Identifying unmet needs in Woodstock and Brentwood-Darlington
- Elizabeth Ussher Groff
- The Bee - Features
A morning workshop on Saturday, April 16th, brought together a group of four Portland State University graduate students and about twenty Woodstock and Brentwood-Darlington neighbors in the parish hall of Our Lady of Sorrows Church.
Using creative hands-on exercises, students Becky Bodonyi, Julia Crain, Rowan Steel, and Dave West helped participants identify the values, assets, and needs of these two adjoining neighborhoods.
Calling themselves the 'Mosaic Planning Group', the students are working on a Masters degree in Urban Planning at PSU. They are intrigued by the city's ninety-five neighborhoods, each with its own unique character, and each with a neighborhood association to represent all who live, work, or own property within its boundaries.
In the workshop, the students helped neighbors explore the unique characteristics of the two neighborhoods, as well as the assets and challenges for each.
In a second workshop on Wednesday evening, April 27th, at Lane Middle School, a similar discussion sparked ideas of how the two neighborhoods might work together on a project. It was recognized that the more people there are behind an idea or project, the better chance it has of getting attention of people in various city agencies.

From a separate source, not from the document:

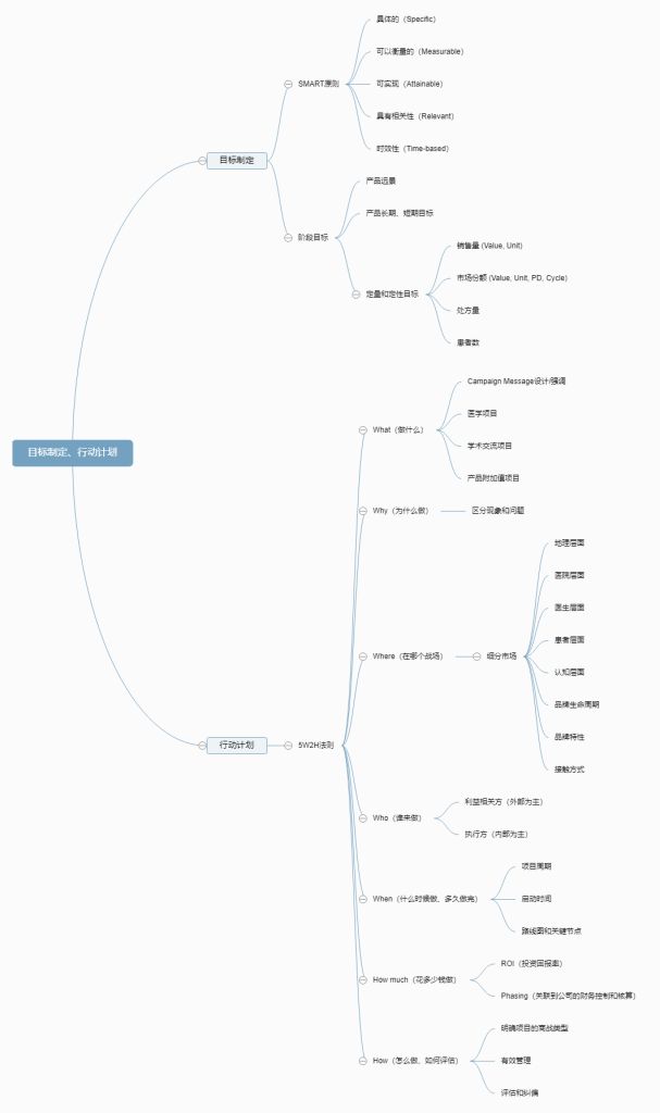 目标制定、行动计划:分为两步,第一步是遵循SMART原则设定目标, 第二步是遵循5W2H法则,针对目标制定行动计划。
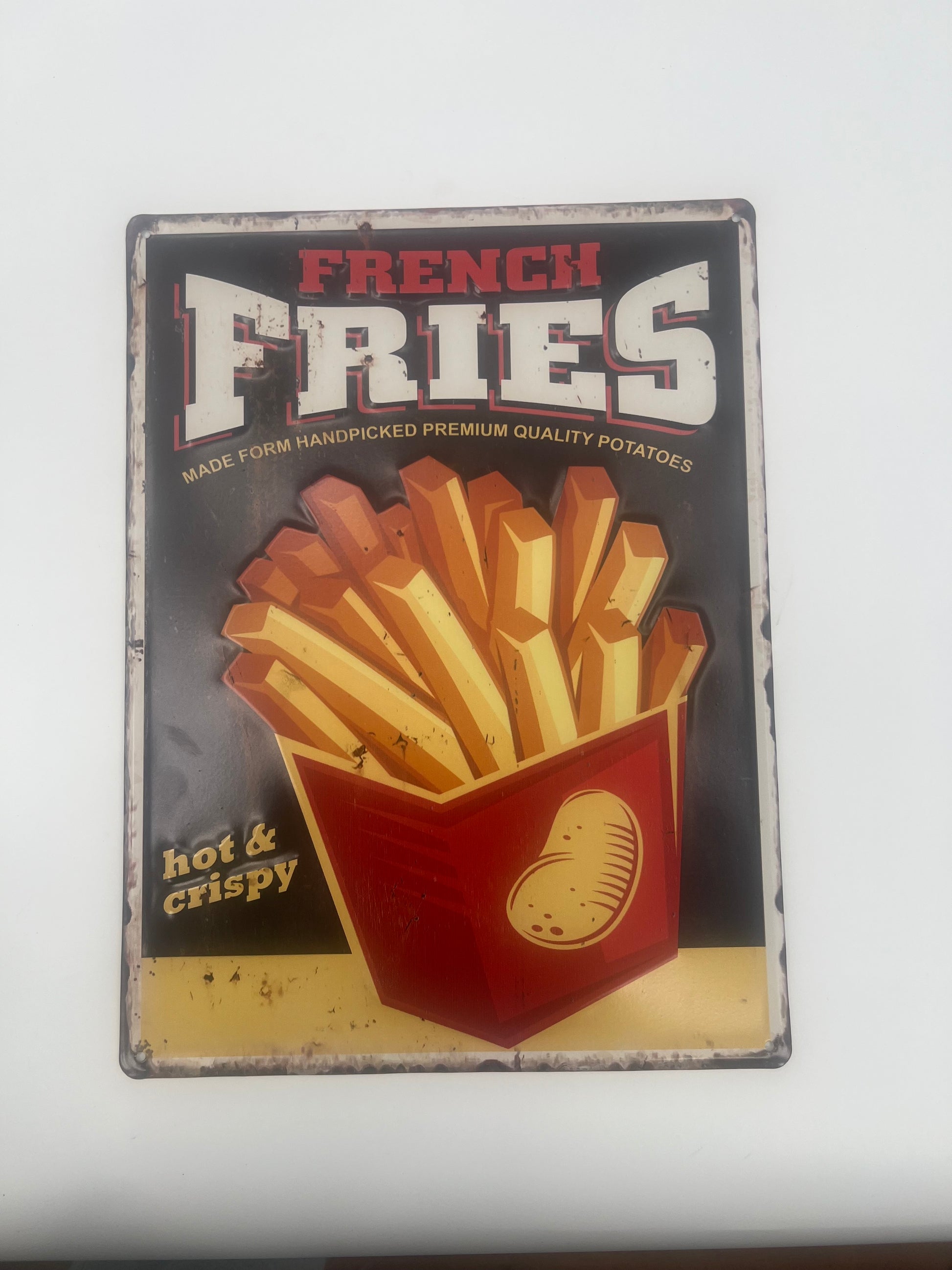 Dieses schöne Blechschild "French Fries" sorgt für ein fröhliches Ambiente und schafft auf einfache Weise eine angenehme Atmosphäre. Ein tolles Geschenk für jeden Anlass!

Brentwood-Darlington neighbors talked about the need for better access to fresh produce and grocery stores, and the hope for development of more community gardens. They also pointed out that their old nickname 'Felony Flats' should be dropped. They say their neighborhood is improving, and deserves to move away from the crime-ridden stereotype of years past. Other areas for improvement in Brentwood-Darlington were identified as vehicle speed reduction, better pedestrian safety, and more street lighting.
'In the two years I have lived here, there has been a growing sense of community, and more people are talking with each other,' pointed out Robin Fenske, a Brentwood-Darlington Neighborhood Association Board member.
A common need of both neighborhoods was identified as partial improvement for some unfinished street sections that are deeply potholed and currently inaccessible for vehicle passage or for walking and bicycling.
Brentwood-Darlington residents would like an east-west street improvement for walking and bicycling, connecting their neighborhood with the new 'Cartlandia' at the intersection of the Springwater Corridor Bike Trail and S.E. 82nd Avenue of Roses. Woodstock neighborhood participants noted the need for roadway improvements on some streets closely parallel to Woodstock Boulevard, in case of an emergency or unusual congestion on the main street.
Carol Uhte, Administrator of the Woodstock Branch Library, who attended both sessions, pointed out that turning left onto Woodstock Boulevard from the library is very difficult and can be hazardous.
Everyone present agreed that traffic flow and safety near the library could be enhanced if there were a street - even only partially improved - south of the library that would connect with S.E. 52nd, 46th, , and perhaps even to S.E. 39th/Cesar Chavez Boulevard. Otherwise, 'You can get trapped driving behind the library if you don't know which streets go through,' Uhte said.
Woodstock neighbors also expressed a desire to attract businesses that will maintain the unique character and integrity of the Woodstock Village Center.
The PSU students, whose project this was, plan to publish a workbook with organizing tips and resources that could be used by all ninety-five Portland neighborhoods to guide and empower neighbors to find ways to bring about positive change in their communities.
The Mosaic Planning Group project, called 'Amplify PDX - Amplifying the Portland Community Voice', is funded with a small stipend from the Portland Bureau of Planning and Sustainability, and has volunteer technical support from PSU professors.